- Directed by: Alberto Cardone, Melchiade Coletti
- Written by: Juan Cobos
- Produced by: Mario Siciliano
- Cinematography: José F. Aguayo
- Edited by: Frederick Muller José Antonio Rojo
- Music by: Francesco De Masi
- Release date: 1966 (Italy);
- Country: Italy
- Language: Italian

= Seven Dollars on the Red =

1966 film

 Sette dollari sul rosso (released in the United States as Seven Dollars on the Red or Seven Dollars to Kill) is a 1966 Italian Spaghetti Western film directed by Alberto Cardone. It stars Anthony Steffen as the main character.

Despite the name similarity, the film is not a part of Sergio Leone's Dollars trilogy. Evidently the film was inspired by this. On release in the United States, several of the cast members and production team had their names changed for the English audience.

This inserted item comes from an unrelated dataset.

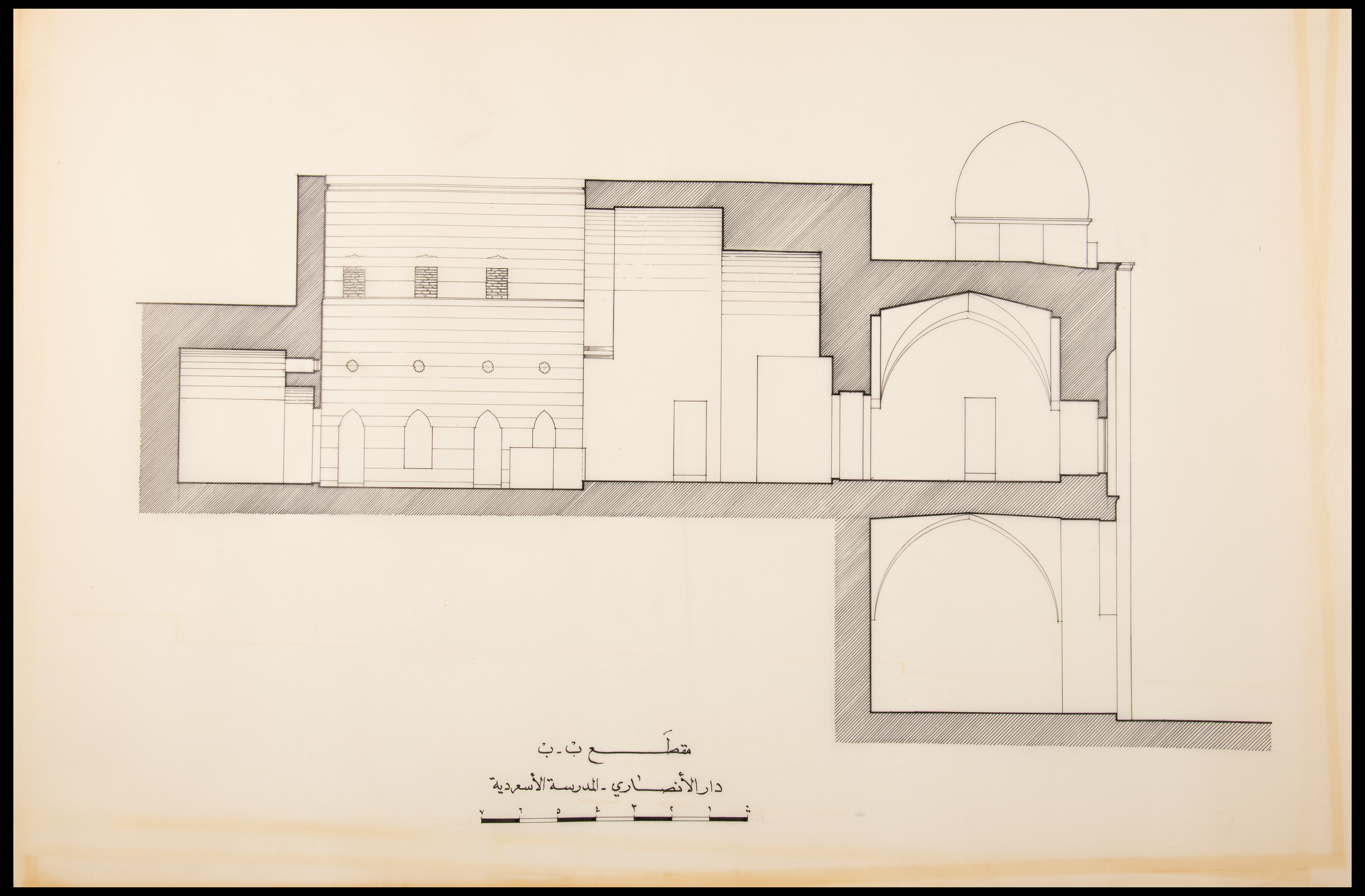 Drawn by Sameh Aboushi in the 1990s, this document shows the "B-B Section" plan of the al-Ansari Family house- al-As'ardeyyah School in the Old City of Jerusalem.

Some parts of the soundtrack, composed by Francesco De Masi, are featured in the videogame Red Dead Revolver.

==Cast==
- Anthony Steffen ... Johnny Ashley
- Elisa Montés ... Sybil
- Fernando Sancho ... El Cachal / Sancho
- Roberto Miali ... Jerry
- Loredana Nusciak ... Emily
- Bruno Carotenuto ... Rosario
- José Manuel Martín ... El Gringo / Chulo
- Spartaco Conversi ... Bill
- Alfredo Varelli ... 1st Sheriff
- Gianni Manera ... Gambler
- Franco Fantasia ... Sheriff of Wishville
- Annie Giss ... Julie / Starlight
- Franco Gulà ... Walt
- Renato Terra ... Manuel
- Nino Musco... Oeste (
- Miriam Salonicco ... Oeste's Wife
- David Mancori ... Jerry as Child
- Fortunato Arena ... Prisoner
- Silvana Bacci ... Mexican Woman
- Halina Zalewska ... Mexican Woman

==Plot==
The bandit Sancho kills the wife of Johnny Ashley, and because he cannot have a child of his own he abducts Johnny's son Jerry to raise him as his own. Jerry grows up to become an evil man who kills his fiancée Sybil when she threatens to disclose his plans for a robbery. Johnny keeps searching to find his son and avenge his wife. He crosses paths with Jerry and in turn they save the other man's life. Eventually Johnny confronts and kills Sancho. He learns about Jerry from Sancho's wife. When the son comes to avenge his "father," Johnny tries to disarm him, but Jerry is accidentally killed without learning the truth.